Weather and geography are closely related, and as humanity had been venturing into interstellar space for nearly a thousand years, the meaning of geography had completely changed.

Nowadays, we were more concerned about the geography of the Milky Way Galaxy and the cosmic factors that might affect our interstellar travel.

Humanity had developed many related disciplines, such as Interstellar Gas Cloud Dynamics, Galactic Meteorology…

Gas Cloud Dynamics was a discipline that delved deeply into the properties of gas clouds in the galactic arms.

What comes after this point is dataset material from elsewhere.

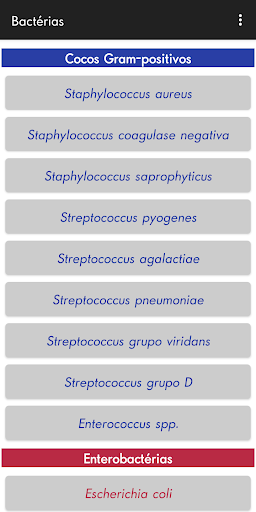 Este aplicativo foi desenvolvido com o objetivo de auxiliar alunos na aprendizagem da identificação fenotípica das principais bactérias de importância médica.
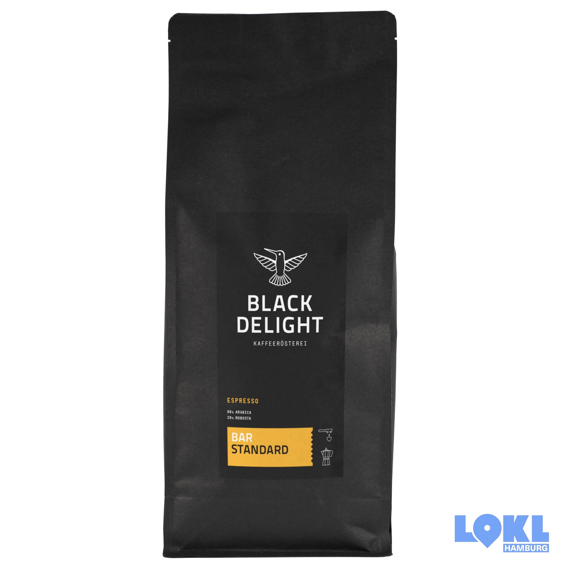 Der Bar Standard ist eine mittelkräftige Espressomischung aus fruchtigen Arabica- und schokoladigen Robustabohnen. Black Delight röstet ihn in feinem, norditalienischem Stil. Angenehm mild, leicht fruchtig, mit sattem Körper und ganz viel Crema.

It focused on studying the density waves, rotational shear forces, and mechanisms of gravity affecting the gas clouds, revealing key properties such as the distribution, density, temperature, and velocity of the gas clouds.

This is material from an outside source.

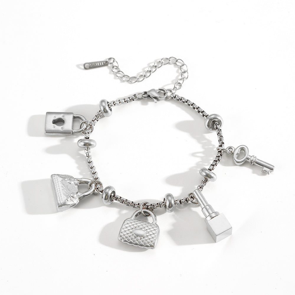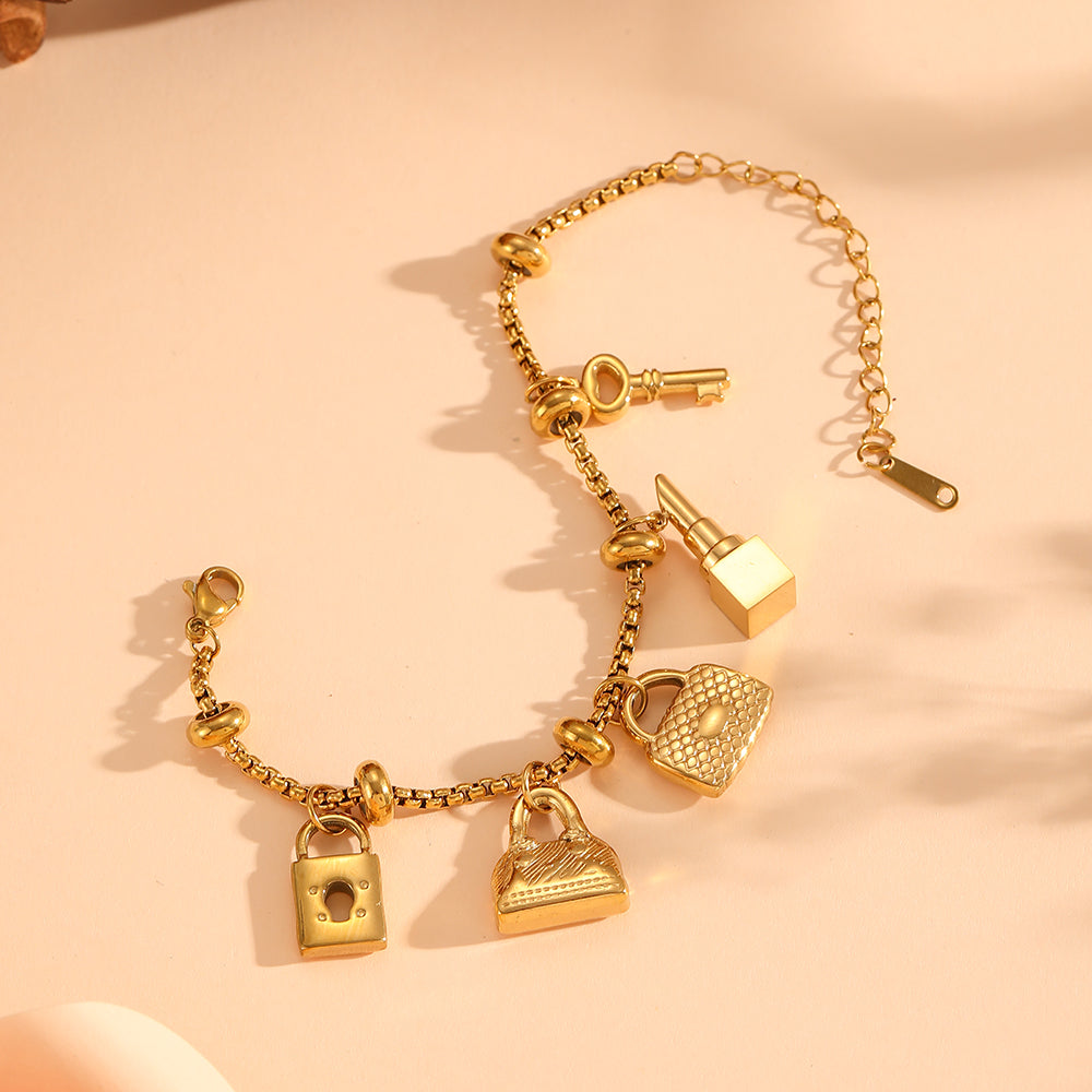 A bold gold chain detailed with playful bag, lock, and key charms, the Key Pieces Bracelet brings personality and polish to everyday styling. Designed to feel confident and collectible, it’s a statement piece that works just as well solo as it does stacked.

More importantly, it also explored how the arms gathered and nurtured the formation of new stars, providing valuable clues for understanding the evolution of the Milky Way Galaxy.

Galactic Meteorology, on the other hand, was a crucial discipline based on the "Galactic Climate Model".

It focused on studying the climate and environmental changes of interstellar space in the Milky Way Galaxy, assessing and predicting cosmic disasters that might occur in various regions of the galaxy, akin to weather forecasting on Earth.

In interstellar travel, this predictive capability was critical as it helped us avoid potential dangers and ensured safe and smooth voyages.

The various gas flows in the galaxy had close and complex relationships with astrochemistry and astrophysics.

In molecular clouds, the flow of gas quietly altered the temperature, density, and radiation field conditions in different regions, shaping the unique features of the Milky Way Galaxy.

At the same time, gas flow was closely linked to star formation activities in the galaxy; it was both a catalyst for the birth of stars and a potential barrier to their formation.

Cold, dense gas clouds collapsed under gravity to form stars, while the flow of gas could trigger or suppress the star formation process.

Moreover, there were many extreme climate zones hidden within the galactic arms, some of which spanned thousands of light years like dark walls where dust gathered but mysteriously failed to collapse into stars.

Entering such regions was like stepping into a fog of the universe, where navigation failed and nearby hazards were difficult to detect. Even the highly advanced Divine Vessel Civilization struggled to survive in such environments.

Most of our attention often focused on the brilliant stars, yet we tended to overlook those more massive clouds of dust and gas.

Indeed, these cloud movements were the main theme of the galactic weather, and they played a grand role in portraying the transitions of the galaxy.

In the Milky Way Galaxy, dark matter accounted for about 84% of the mass, while the mass of stars only made up about 4% of the total mass of the galaxy. Besides, about 12% of the mass was made up of non-luminous materials like gas, dust, and planets in the galaxy.

This meant that if we discounted dark matter, then the mass of the non-luminous materials like gas, dust, and planets in the galaxy was actually three times that of the stars.

As for planets, they also held a small fraction of the mass in the galaxy. Most stars did not contain planets, and a planetary system like the Solar System with numerous planets was not common. Even within the Solar System, the Sun made up 99.86% of the total mass, making the mass of the planets comparatively negligible.

Galactic Meteorology was more like a discipline studying the gas and dust clouds in the Milky Way Galaxy; where there were mysteries, dangers also originated.

In front of the Divine Vessel Civilization's route was also such a dark wall, as if a chasm before the civilization, inspiring awe. However, fortunately, this dark wall was still over a thousand light years away, so there was no need for immediate worry.

Of course, the Divine Vessel Civilization had the capability to navigate around this dark wall, but with countless such dark walls within the galactic arms, how could we bypass each one?

These dark walls concealed unknown threats but also harbored the limitless potential for exploration and discovery.